Repeat the records word for word, excluding any picture.
━━━━━━━━━━━━━━━━
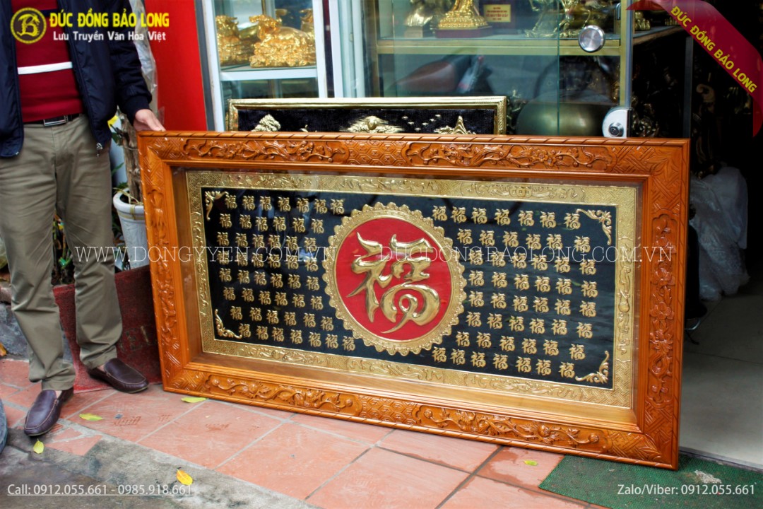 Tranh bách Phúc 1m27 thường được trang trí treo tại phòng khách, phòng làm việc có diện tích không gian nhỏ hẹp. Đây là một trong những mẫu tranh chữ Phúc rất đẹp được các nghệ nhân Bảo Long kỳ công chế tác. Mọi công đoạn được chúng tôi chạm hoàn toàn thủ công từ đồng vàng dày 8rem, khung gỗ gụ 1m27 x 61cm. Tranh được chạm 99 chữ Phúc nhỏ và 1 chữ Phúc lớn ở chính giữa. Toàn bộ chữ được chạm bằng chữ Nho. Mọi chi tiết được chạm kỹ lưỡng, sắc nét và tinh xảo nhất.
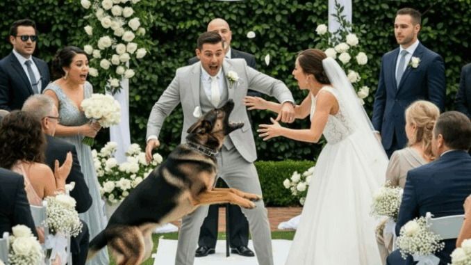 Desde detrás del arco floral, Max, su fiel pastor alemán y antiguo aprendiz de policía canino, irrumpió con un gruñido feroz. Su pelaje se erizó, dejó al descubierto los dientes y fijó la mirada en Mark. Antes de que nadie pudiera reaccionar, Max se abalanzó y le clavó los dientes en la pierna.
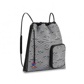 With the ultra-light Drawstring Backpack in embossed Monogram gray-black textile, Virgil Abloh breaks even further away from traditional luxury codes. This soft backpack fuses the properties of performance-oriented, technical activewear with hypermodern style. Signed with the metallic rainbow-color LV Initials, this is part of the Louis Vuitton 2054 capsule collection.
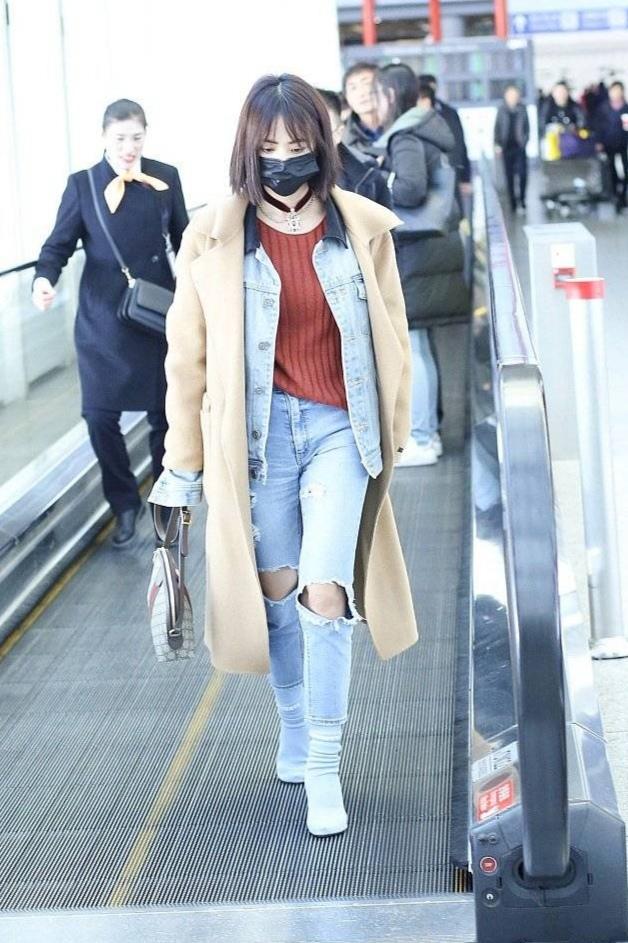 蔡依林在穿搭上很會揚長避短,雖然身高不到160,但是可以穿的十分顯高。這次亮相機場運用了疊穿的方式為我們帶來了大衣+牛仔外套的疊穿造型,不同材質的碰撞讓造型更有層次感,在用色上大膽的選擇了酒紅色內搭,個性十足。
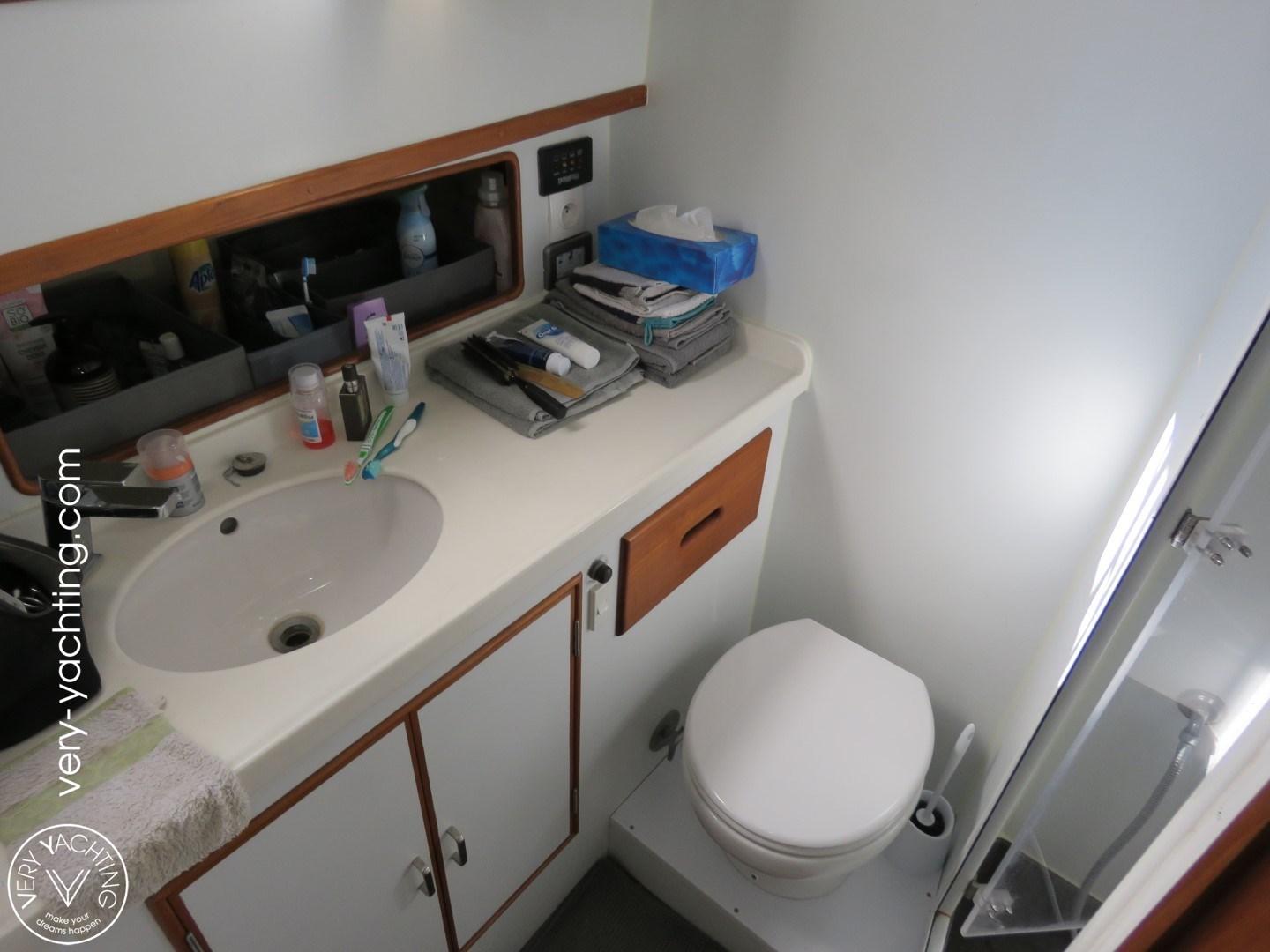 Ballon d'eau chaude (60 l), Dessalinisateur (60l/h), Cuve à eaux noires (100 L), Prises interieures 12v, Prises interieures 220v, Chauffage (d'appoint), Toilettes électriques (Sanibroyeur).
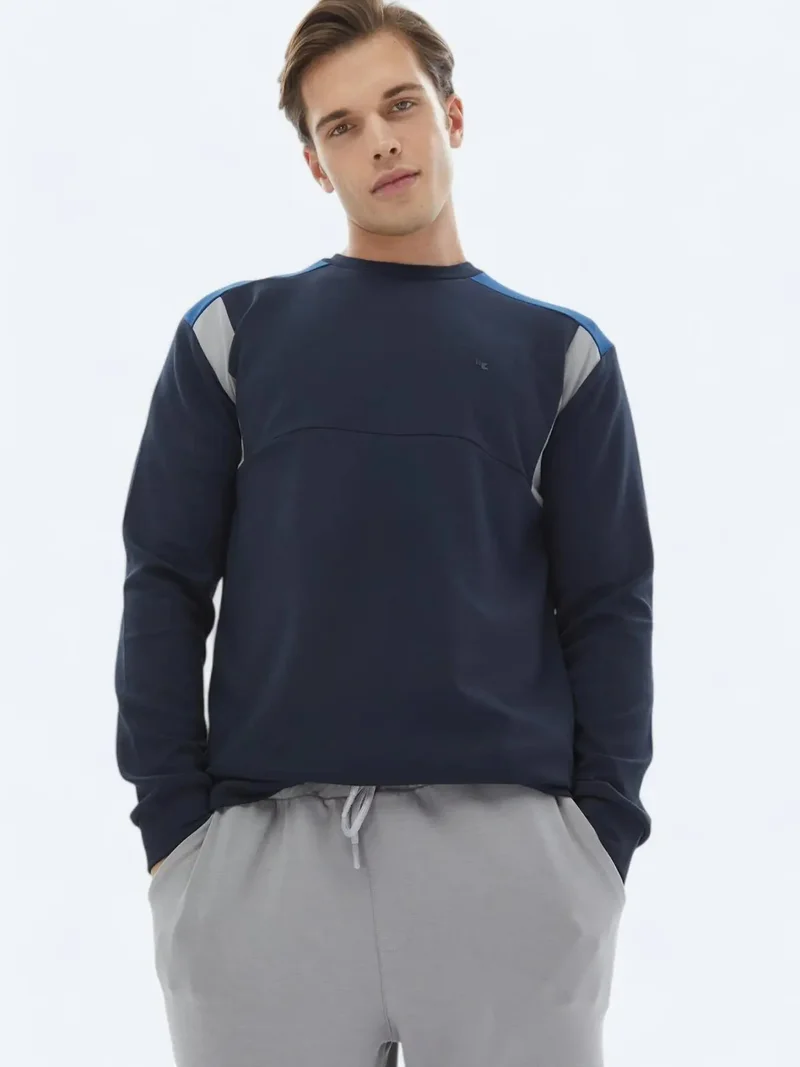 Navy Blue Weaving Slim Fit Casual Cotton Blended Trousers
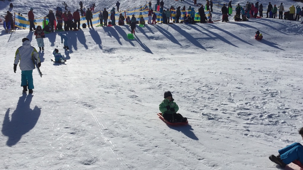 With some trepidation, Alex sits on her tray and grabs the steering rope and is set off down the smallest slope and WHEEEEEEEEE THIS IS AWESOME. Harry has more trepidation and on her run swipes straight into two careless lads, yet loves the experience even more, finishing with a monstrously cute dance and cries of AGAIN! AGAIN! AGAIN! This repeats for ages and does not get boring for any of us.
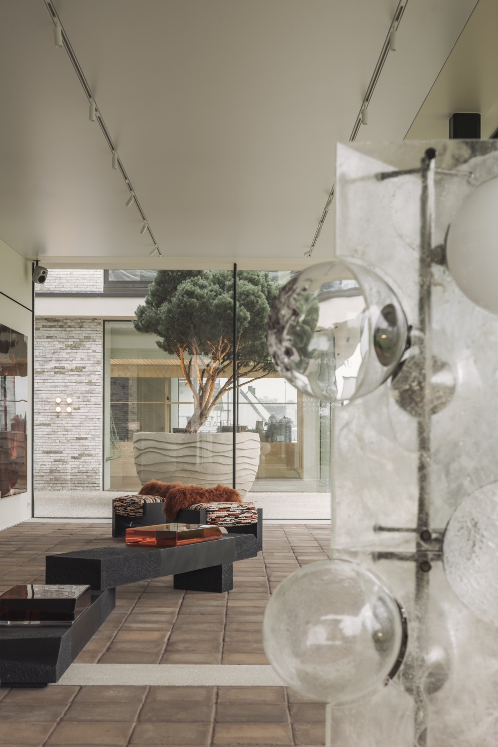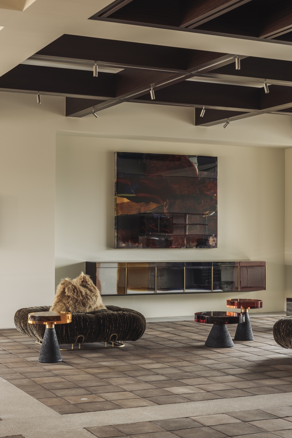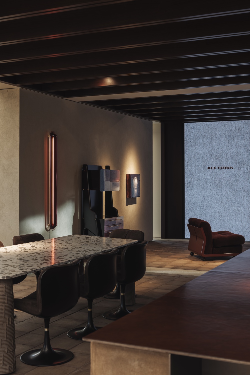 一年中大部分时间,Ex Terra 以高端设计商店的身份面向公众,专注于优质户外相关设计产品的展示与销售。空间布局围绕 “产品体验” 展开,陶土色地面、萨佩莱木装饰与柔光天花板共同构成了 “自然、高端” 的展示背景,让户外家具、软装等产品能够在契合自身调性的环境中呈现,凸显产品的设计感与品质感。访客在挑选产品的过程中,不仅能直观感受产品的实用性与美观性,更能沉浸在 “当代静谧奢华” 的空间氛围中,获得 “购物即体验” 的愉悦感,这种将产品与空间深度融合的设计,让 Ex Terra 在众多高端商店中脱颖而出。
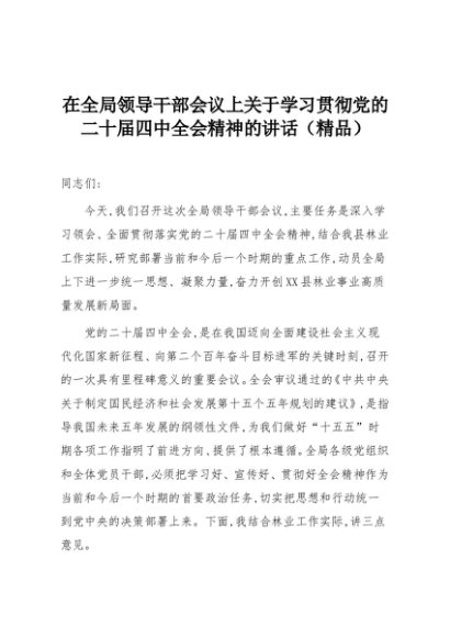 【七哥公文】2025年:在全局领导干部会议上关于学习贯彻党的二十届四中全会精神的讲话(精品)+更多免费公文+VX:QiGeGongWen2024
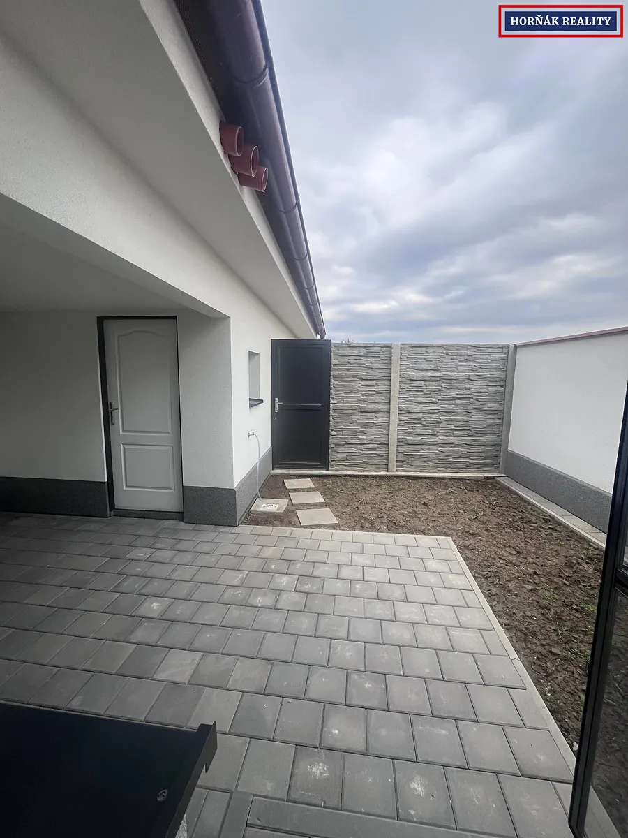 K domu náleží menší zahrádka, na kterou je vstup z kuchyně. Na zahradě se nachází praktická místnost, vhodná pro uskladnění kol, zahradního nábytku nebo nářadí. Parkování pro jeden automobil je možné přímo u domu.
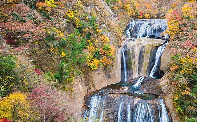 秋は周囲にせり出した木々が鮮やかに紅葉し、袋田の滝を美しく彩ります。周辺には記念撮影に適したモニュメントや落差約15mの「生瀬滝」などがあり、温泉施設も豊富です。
━━━━━━━━━━━━━━━━
RESPONSE:
 Tranh bách Phúc 1m27 thường được trang trí treo tại phòng khách, phòng làm việc có diện tích không gian nhỏ hẹp. Đây là một trong những mẫu tranh chữ Phúc rất đẹp được các nghệ nhân Bảo Long kỳ công chế tác. Mọi công đoạn được chúng tôi chạm hoàn toàn thủ công từ đồng vàng dày 8rem, khung gỗ gụ 1m27 x 61cm. Tranh được chạm 99 chữ Phúc nhỏ và 1 chữ Phúc lớn ở chính giữa. Toàn bộ chữ được chạm bằng chữ Nho. Mọi chi tiết được chạm kỹ lưỡng, sắc nét và tinh xảo nhất.
 Desde detrás del arco floral, Max, su fiel pastor alemán y antiguo aprendiz de policía canino, irrumpió con un gruñido feroz. Su pelaje se erizó, dejó al descubierto los dientes y fijó la mirada en Mark. Antes de que nadie pudiera reaccionar, Max se abalanzó y le clavó los dientes en la pierna.
 With the ultra-light Drawstring Backpack in embossed Monogram gray-black textile, Virgil Abloh breaks even further away from traditional luxury codes. This soft backpack fuses the properties of performance-oriented, technical activewear with hypermodern style. Signed with the metallic rainbow-color LV Initials, this is part of the Louis Vuitton 2054 capsule collection.
 蔡依林在穿搭上很會揚長避短,雖然身高不到160,但是可以穿的十分顯高。這次亮相機場運用了疊穿的方式為我們帶來了大衣+牛仔外套的疊穿造型,不同材質的碰撞讓造型更有層次感,在用色上大膽的選擇了酒紅色內搭,個性十足。
 Ballon d'eau chaude (60 l), Dessalinisateur (60l/h), Cuve à eaux noires (100 L), Prises interieures 12v, Prises interieures 220v, Chauffage (d'appoint), Toilettes électriques (Sanibroyeur).
 Navy Blue Weaving Slim Fit Casual Cotton Blended Trousers
 With some trepidation, Alex sits on her tray and grabs the steering rope and is set off down the smallest slope and WHEEEEEEEEE THIS IS AWESOME. Harry has more trepidation and on her run swipes straight into two careless lads, yet loves the experience even more, finishing with a monstrously cute dance and cries of AGAIN! AGAIN! AGAIN! This repeats for ages and does not get boring for any of us.
 一年中大部分时间,Ex Terra 以高端设计商店的身份面向公众,专注于优质户外相关设计产品的展示与销售。空间布局围绕 “产品体验” 展开,陶土色地面、萨佩莱木装饰与柔光天花板共同构成了 “自然、高端” 的展示背景,让户外家具、软装等产品能够在契合自身调性的环境中呈现,凸显产品的设计感与品质感。访客在挑选产品的过程中,不仅能直观感受产品的实用性与美观性,更能沉浸在 “当代静谧奢华” 的空间氛围中,获得 “购物即体验” 的愉悦感,这种将产品与空间深度融合的设计,让 Ex Terra 在众多高端商店中脱颖而出。
 【七哥公文】2025年:在全局领导干部会议上关于学习贯彻党的二十届四中全会精神的讲话(精品)+更多免费公文+VX:QiGeGongWen2024
 K domu náleží menší zahrádka, na kterou je vstup z kuchyně. Na zahradě se nachází praktická místnost, vhodná pro uskladnění kol, zahradního nábytku nebo nářadí. Parkování pro jeden automobil je možné přímo u domu.
 秋は周囲にせり出した木々が鮮やかに紅葉し、袋田の滝を美しく彩ります。周辺には記念撮影に適したモニュメントや落差約15mの「生瀬滝」などがあり、温泉施設も豊富です。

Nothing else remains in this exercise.